In the first phase, an experienced senior radiologist established baseline diagnostic performance by evaluating all 569 lesions using comprehensive clinical data and imaging features. Assessments were scored on a rigorously defined 9-point confidence scale, with the 50% midpoint explicitly excluded to ensure definitive diagnostic categorization. These expert evaluations employed an identical fivefold cross-validation framework implemented for the DL model development, which enabled direct performance comparison between human and artificial intelligence (AI) assessments.

The second phase implemented a controlled evaluation of the DL model’s clinical utility through a multireader study design. Six radiologists representing three experience levels independently interpreted the external test cases in two separate reading sessions, with a mandatory 4-week interval implemented to mitigate potential recall bias. The initial session relied solely on conventional clinical and imaging data, and the subsequent session incorporated the 3D DenseNet121 predictions as decision support.

Complete methodological specifications are comprehensively documented in the Supplementary Methods section.

Development and assessment of the human-DL fusion model

Following 2D and 3D DL analyses, the trained models—2D-DenseNet121 and 3D-DenseNet121—were developed. The application of fivefold cross-validation resulted in the generation of five 2D-DenseNet121 models and five 3D-DenseNet121 models. The internal and external test set data were fed into both models to generate prediction probabilities.

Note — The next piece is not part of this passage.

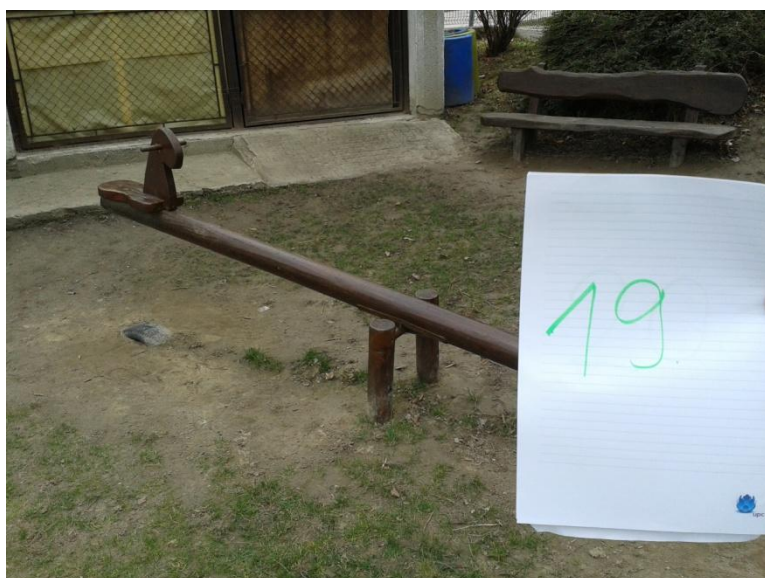
19. számú eszköz – Lovas fa mérleghinta

Consequently, within the internal test set, the prediction probability of the 2D-DenseNet121 model represented the average prediction probabilities from the five 2D-DenseNet121 models, and the prediction probability of the 3D-DenseNet121 model was the average of the prediction probabilities from the five 3D-DenseNet121 models. Meanwhile, given that the 2D model processes three images per patient, the patient’s overall prediction probability is the weighted average of the three images’ probabilities. Image preprocessing mirrored that of the 2D and 3D DL analyses, which excluded data augmentation techniques such as random inversion.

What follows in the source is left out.